Before World War II, Chinese merchants in Song Wat Road, Bangkok, ordered rooster bowls to sell because in that time, they were very cheap. During the Chinese-Japanese War, they were in short supply and the prices were rising; therefore, Thailand had the first manufacturer of rooster bowl. The first factory was in Ratchathewi district, Bangkok by Hakka people. When the war ended, the entrepreneurs produced more bowls because the characteristics of the bowl were suitable for eating with chopsticks. Later, Thai people started using the bowl because noodles have been commonly served in this type of food bowl due to its very durable features.

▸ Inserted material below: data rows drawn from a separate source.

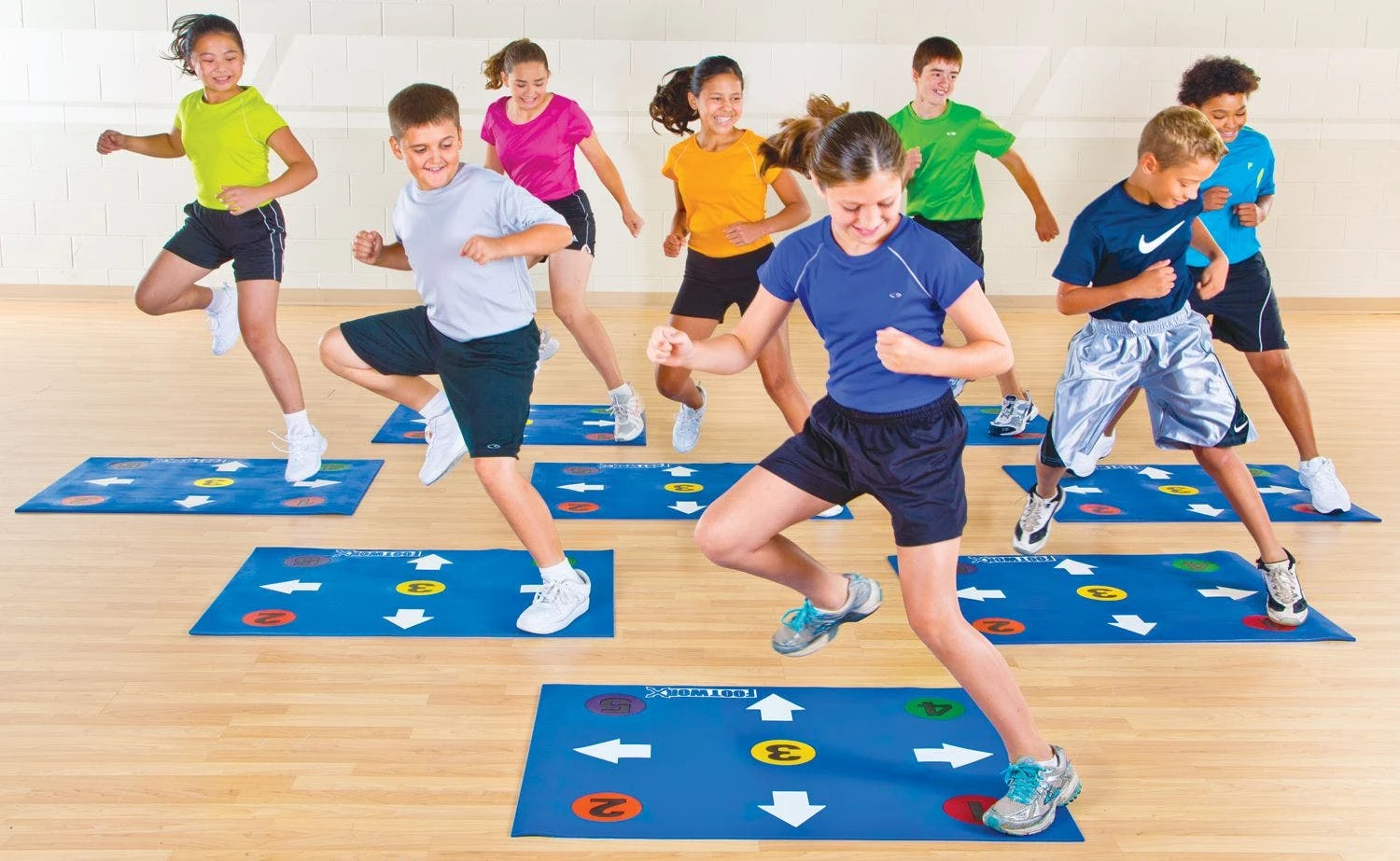 Traditional dot drill agility mats have 5 plain, white dots, but this is not your typical dot drill mat! The FootWorX Agility Mat features colored dots, multi-directional arrows, and numbers to keep students engaged with innovative activities and drills to enhance agility, quickness, speed, and reaction.
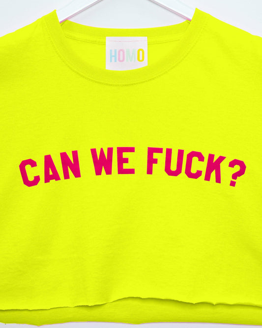 Fluorescent pink flock can we fu*k - Fluorescent yellow crop top
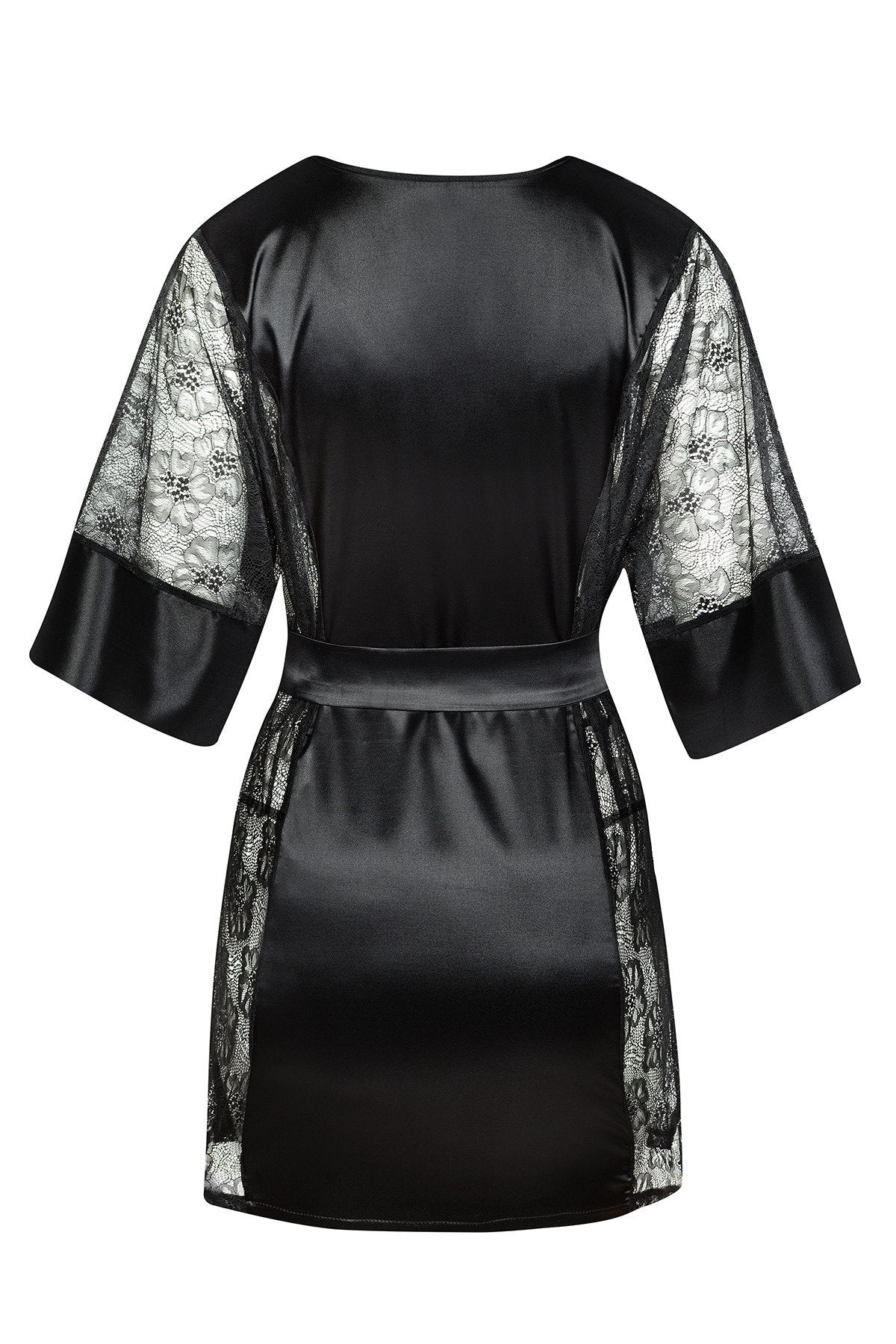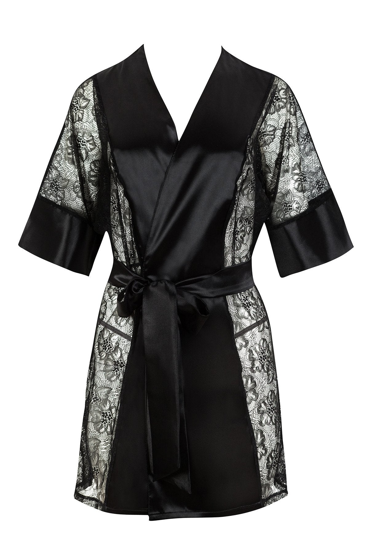 An exclusive and extremely sexy satin dressing gown that is tied at the waist. This design is made from shiny satin which is combined with beautiful lace that can be found on the sleeves and sides of the dressing gown.
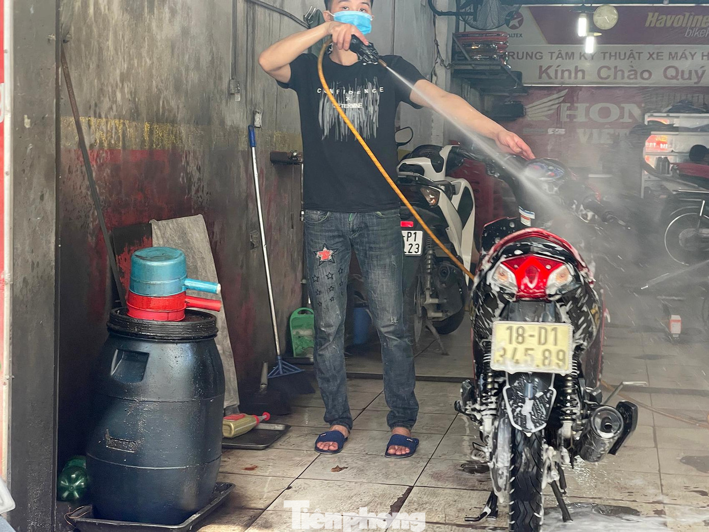 Ngày cuối tuần nên người dân tranh thủ đem xe đi bảo dưỡng, sửa chữa sau thời gian dài không sử dụng.
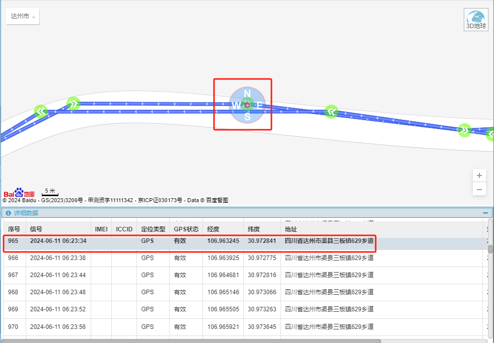 在设置面板中,将该选项打开,并在底部加载详细数据面板,点击轨迹点图标,详细数据面板滚动条会定位到该图标对应的记录,同样点击详细数据面板中的记录,对应的轨迹点图标会平移至中心点图标处。
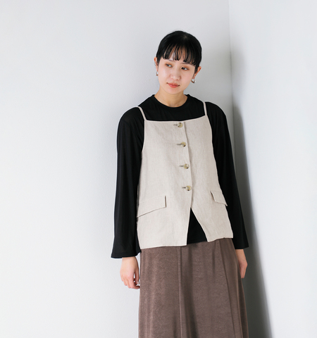上質なリネン素材を使用した、軽やかで洗練された印象のキャミソール型ベスト。ナチュラルな風合いと程よいハリ感があり、シンプルながらも存在感のある一枚に仕上がっています。
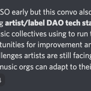 Houndtrack 是 W&M 社区的一名艺术家,他是几个新兴的音乐类 DAO 的成员,包括 hedsDAO 和 LNRZ ,他告诉我们,在他加入这些社区的时候,他‘不知道 DAO 是什么,只知道它是一群人, DAO 是什么的技术性对他来说并不重要’。相反,他的主要动机是直接向探索 Web3 的音乐同行学习;迄今为止,这种学习基本是在 Discord 中进行的,没有任何正式的治理结构来承载这一切。
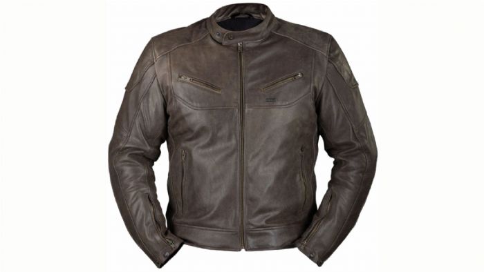 Είναι κατασκευασµένο από  γνήσιο δέρµα µοσχαριού 1.2mm. Είναι εξοπλισµένο µε πιστοποιηµένες προστασίες ώµου και αγκώνα, προστατευτικό πλάτης και έχει αφαιρούµενη θερµική επένδυση. Διαθέτει τέσσερις εξωτερικές τσέπες που κλείνουν µε φερµουάρ και τρείς εσωτερικές (οι δύο στην αφαιρούµενη επένδυση). Έχει προσαρµογή µε κουµπιά στον λαιµό, στη µέση και τους καρπούς.
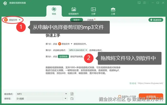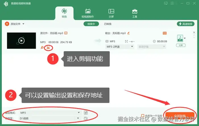 数据 蛙视频转换器是一款优秀的音频切割工具,它支持高清无损的音频剪切,能确保在剪切mp3文件时,音质不受损。在精准剪切的前提下,用户可以根据需求精确选择剪切起始和结束位置,轻松剪辑出所需的部分。在剪辑完毕后,软件的音频处理速度极快,能在短时间内完成剪切任务,提高工作效率。
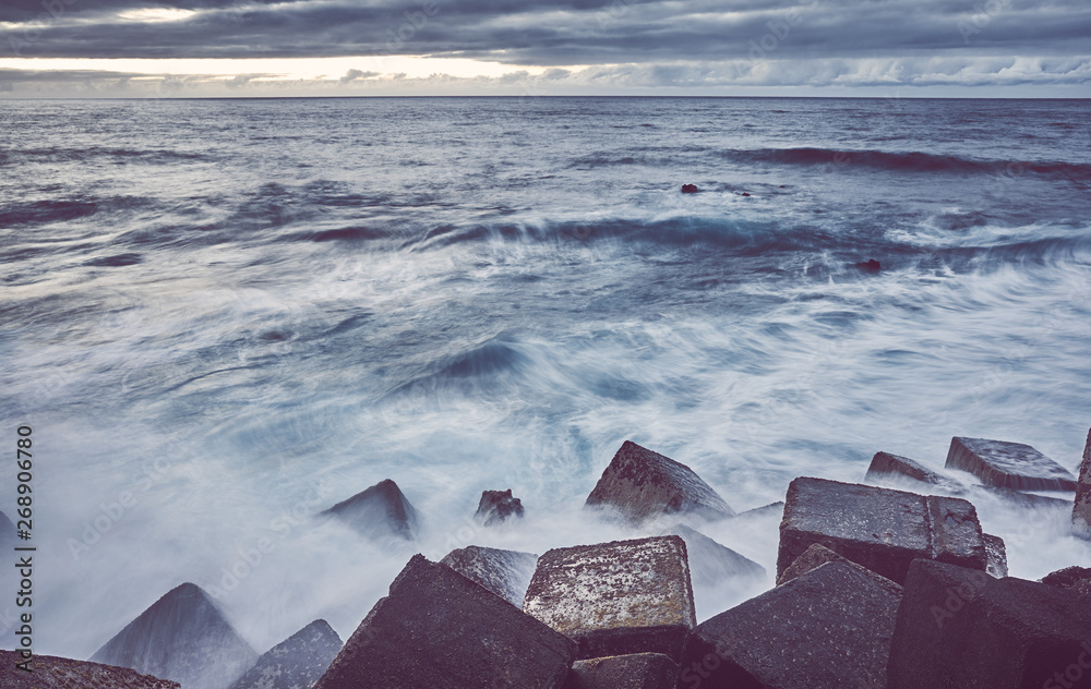Scenic sunset in Puerto de la Cruz, color toned long exposure picture, Tenerife, Spain.
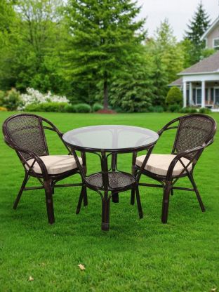 Набор садовой мебели Мария включает столик с поверхностью из стекла, а также два кресла.
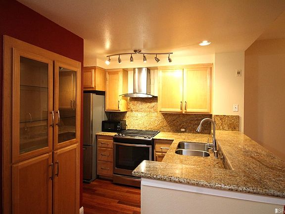 Excellent location and beautiful remodeled one bedroom condo. Its a very peaceful back end building with high-end finishes to accentuate the generous space. It features 728 square foot home, with high ceilings and bay window overlooking pretty greenery and good size balcony and closet with views. It also has beautiful wood flooring, in-unit laundry, fireplace, upgraded kitchen with stainless steel appliances and gas stove. Underground garage includes one space. Gated community which includes pool, clubhouse and more..
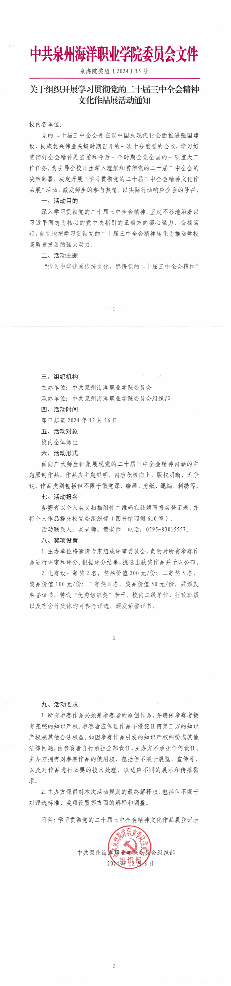 泉海院委组〔2024〕15号 关于组织开展学习贯彻党的二十届三中全会精神文化作品展活动通知
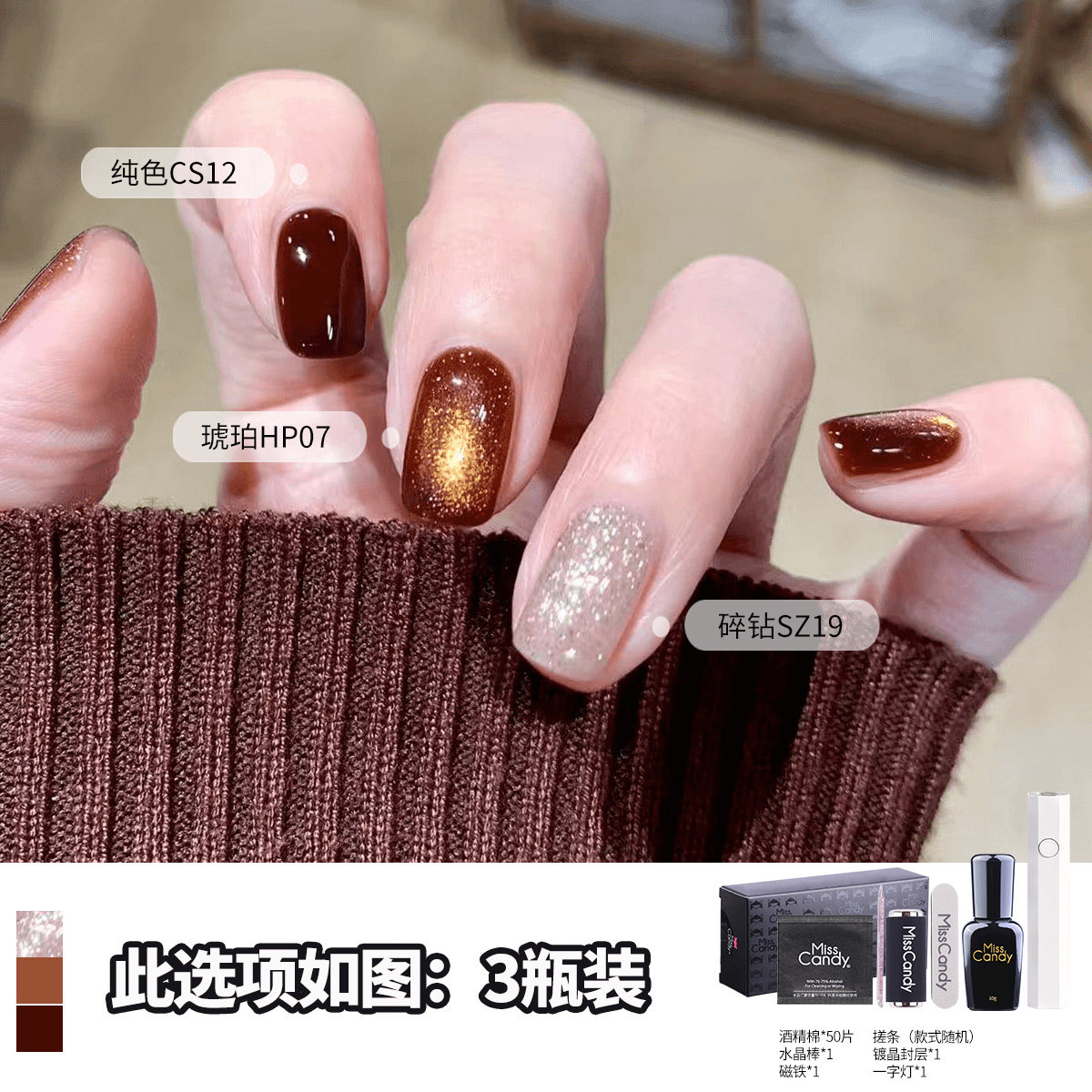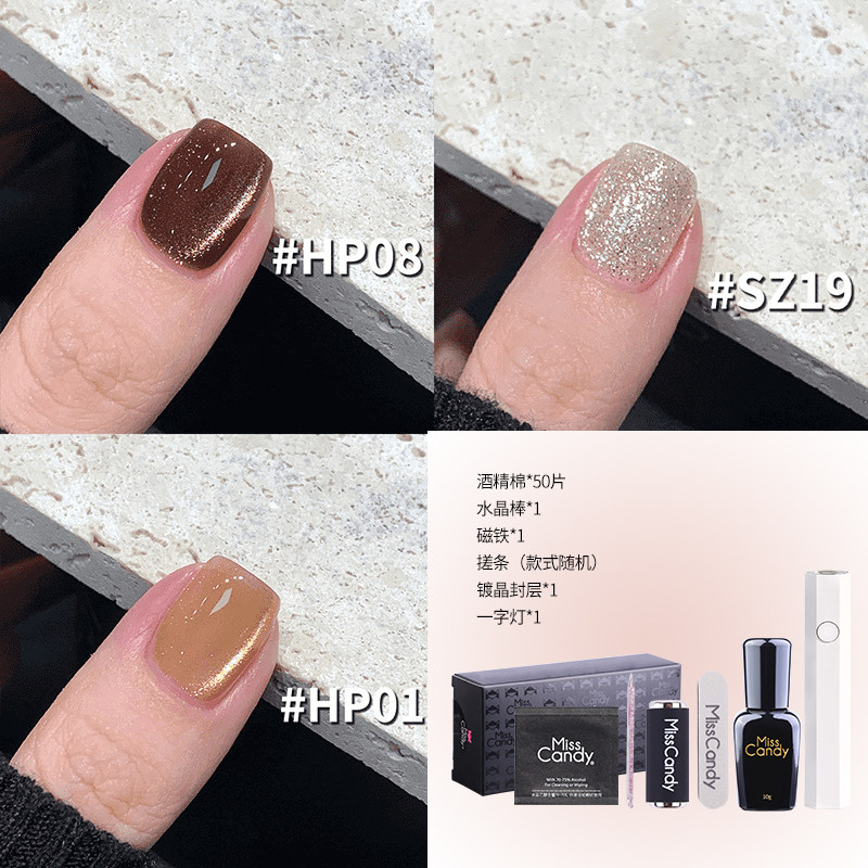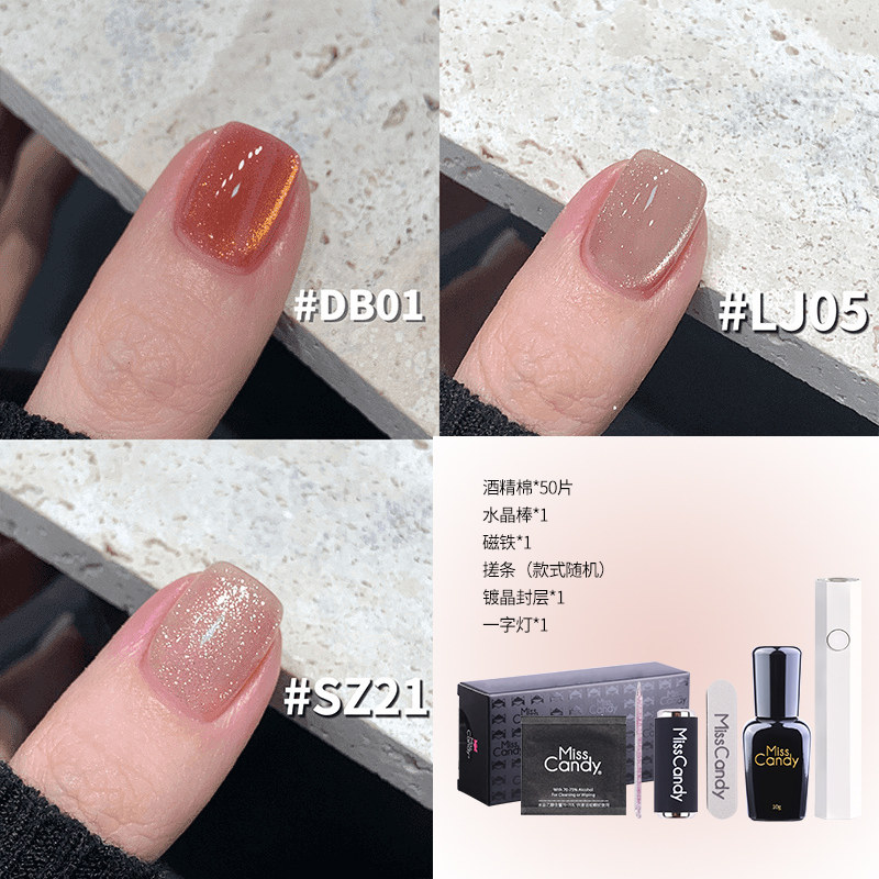 MissCandy甲油胶五合一猫眼一步胶2026年新款,专为懒人美甲店及高效美甲师打造。集底胶、色胶、猫眼胶、封层胶与加固胶五效于一体,真正实现“一步成型”,大幅节省操作时间。采用创新磁感猫眼技术,无需复杂手法即可呈现立体炫光效果。3瓶装套装设计,色彩丰富,满足不同风格需求。产品质地顺滑易涂,固化快、附着力强,持久亮泽不脱落。低气味配方,安全环保,呵护指甲健康。无论是日常快美还是专业沙龙,都能轻松打造高级猫眼美甲,提升服务效率与顾客满意度,是现代美甲店的必备之选。

Around 1957, Chinese people in Thailand moved to set up a factory and furnace in Lampang province because of the availability of kaolin that is most suitable for producing rooster bowls at Chae-Hom District, Lampang.

In 1962, the manufactures started using the technique of burning bowls for one time and modifying the pattern to be the green rooster with blue tail with pink flowers to reduce the detail. It is very popular in market because of the cheapness and the toughness of the bowl. In 1963 this factory turned to produce Japanese crockery. Now Lampang is the only one province that continues to produce the bowls, but it is difficult to find the artisans that keep the original style, and the colors used for drawing the rooster are expensive. Therefore, people start to collect and buy the original rooster bowls, making rooster bowl prices rise because of the rarity.

Rooster bowl has been registered as a Geographical Indication (GI) product of Lampang, Thailand.